Una división de HarperCollins Ibérica, S.A.
Núñez de Balboa, 56
28001 Madrid
© 2001 Jill Shalvis
© 2018 Harlequin Ibérica, una división de HarperCollins Ibérica, S.A.
Un instante de pasión, n.º 1094 - mayo 2018
Título original: Aftershock
Publicada originalmente por Harlequin Enterprises, Ltd.
Todos los derechos están reservados incluidos los de reproducción, total o parcial. Esta edición ha sido publicada con autorización de Harlequin Books S.A.
Esta es una obra de ficción. Nombres, caracteres, lugares, y situaciones son producto de la imaginación del autor o son utilizados ficticiamente, y cualquier parecido con personas, vivas o muertas, establecimientos de negocios (comerciales), hechos o situaciones son pura coincidencia.
® Harlequin, Harlequin Deseo y logotipo Harlequin son marcas registradas propiedad de Harlequin Enterprises Limited.
® y ™ son marcas registradas por Harlequin Enterprises Limited y sus filiales, utilizadas con licencia. Las marcas que lleven ® están registradas en la Oficina Española de Patentes y Marcas y en otros países.

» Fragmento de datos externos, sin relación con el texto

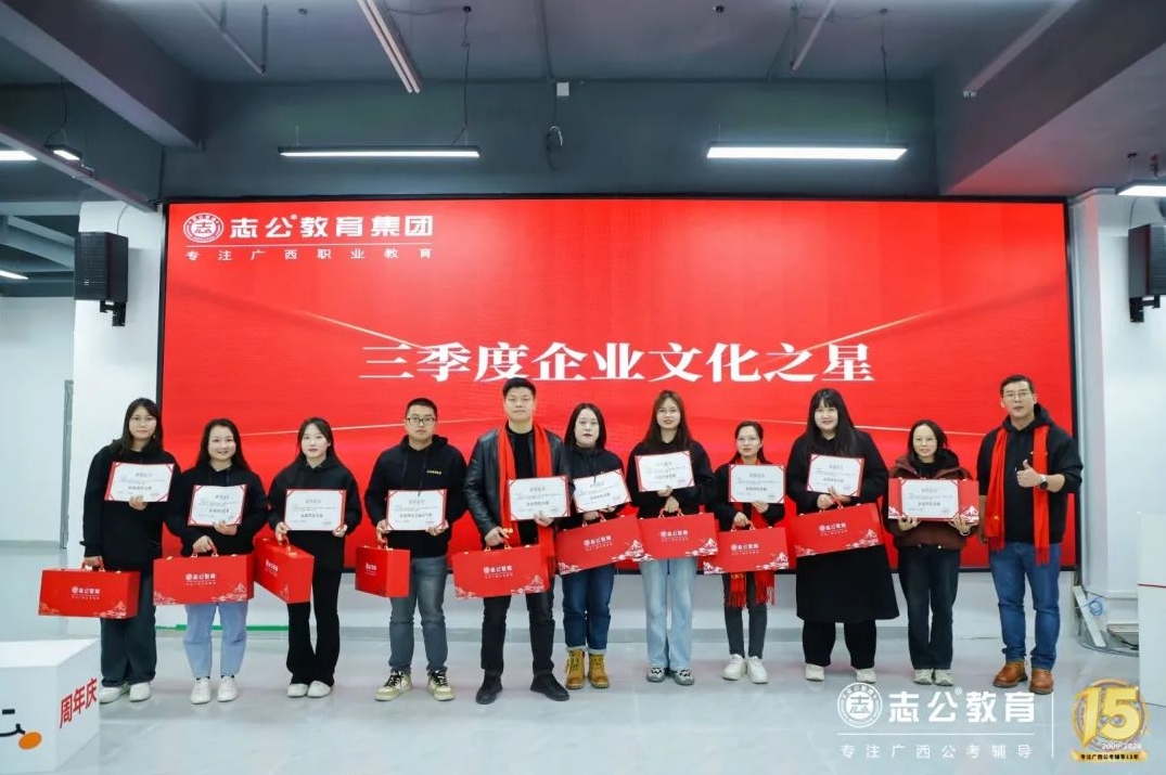 一直以來(lái),志公教育都秉承著(zhù)“12條企業(yè)文化核心價(jià)值觀(guān)”,包括客戶(hù)原則——以學(xué)員為中心”、“管理原則——人人都是經(jīng)營(yíng)者”等12項原則,扎根廣西本土公考,全力服務(wù)每一位志公學(xué)員。在董事長(cháng)李勇的正確領(lǐng)導下,在廣大學(xué)員的支持下,在全體員工的共同努力下,志公教育從無(wú)到有,從小到大,不斷夯實(shí)發(fā)展基礎,贏(yíng)得了客戶(hù)的信賴(lài)和品牌形象。全體志公人將堅定目標齊奮斗、凝心聚力再出發(fā),為志公高質(zhì)量發(fā)展再立新功。

Imagen de cubierta utilizada con permiso de Harlequin Enterprises Limited. Todos los derechos están reservados.
I.S.B.N.: 978-84-9188-221-3
Conversión ebook: MT Color & Diseño, S.L.
Índice
Portadilla
Créditos
Índice
Capítulo Uno
Capítulo Dos
Capítulo Tres
Capítulo Cuatro
Capítulo Cinco
Capítulo Seis
Capítulo Siete
Capítulo Ocho
Capítulo Nueve
Capítulo Diez
Capítulo Once
Capítulo Doce
Capítulo Trece
Capítulo Catorce
Capítulo Quince
Si te ha gustado este libro…
Capítulo Uno
El lugar no era lo que ella se había esperado. Aunque estaba sola, Amber Riggs mantuvo su expresión cuidadosamente controlada para que nada en ella reflejara la decepción. El control lo era todo. No se podía hacer un buen trato sin él, y a ella le encantaban los buenos tratos.
Salió de su coche sin comprobar ni el maquillaje ni el peinado. No lo necesitaba, sabía muy bien que estaba perfecta en su aspecto de mujer de negocios, y no era por vanidad.

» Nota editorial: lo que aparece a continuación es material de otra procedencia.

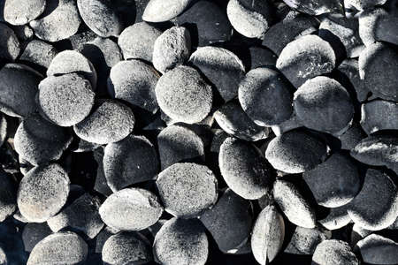 Charcoal Briquettes For BBQ Grill Background Texture Close-up Overhead View

Le encantaba su trabajo y sabía que era buena en su campo; no necesitaba que nadie se lo dijera.
Miró el almacén de herramientas desierto que tenía delante y frunció el ceño. Por buena que fuera, hacer dinero con ese edificio iba a ser difícil. Estaba demasiado lejos de la ciudad.
Pero aún así, cosas más raras había visto. Por lo menos, al dueño no le había importado si ella encontraba a un comprador o a alguien que lo alquilara, y eso le daba algunas opciones.
El lugar tenía dos plantas y era de ladrillo rojo, lo que le daba un cierto carácter y eso estaba bien, a pesar del mal estado en que estaba. Y no tenía ventanas, lo que significaba que el posible cliente con el que se había puesto en contacto esa mañana, el que quería transformar un edificio antiguo en un centro comercial, no estaría muy contento.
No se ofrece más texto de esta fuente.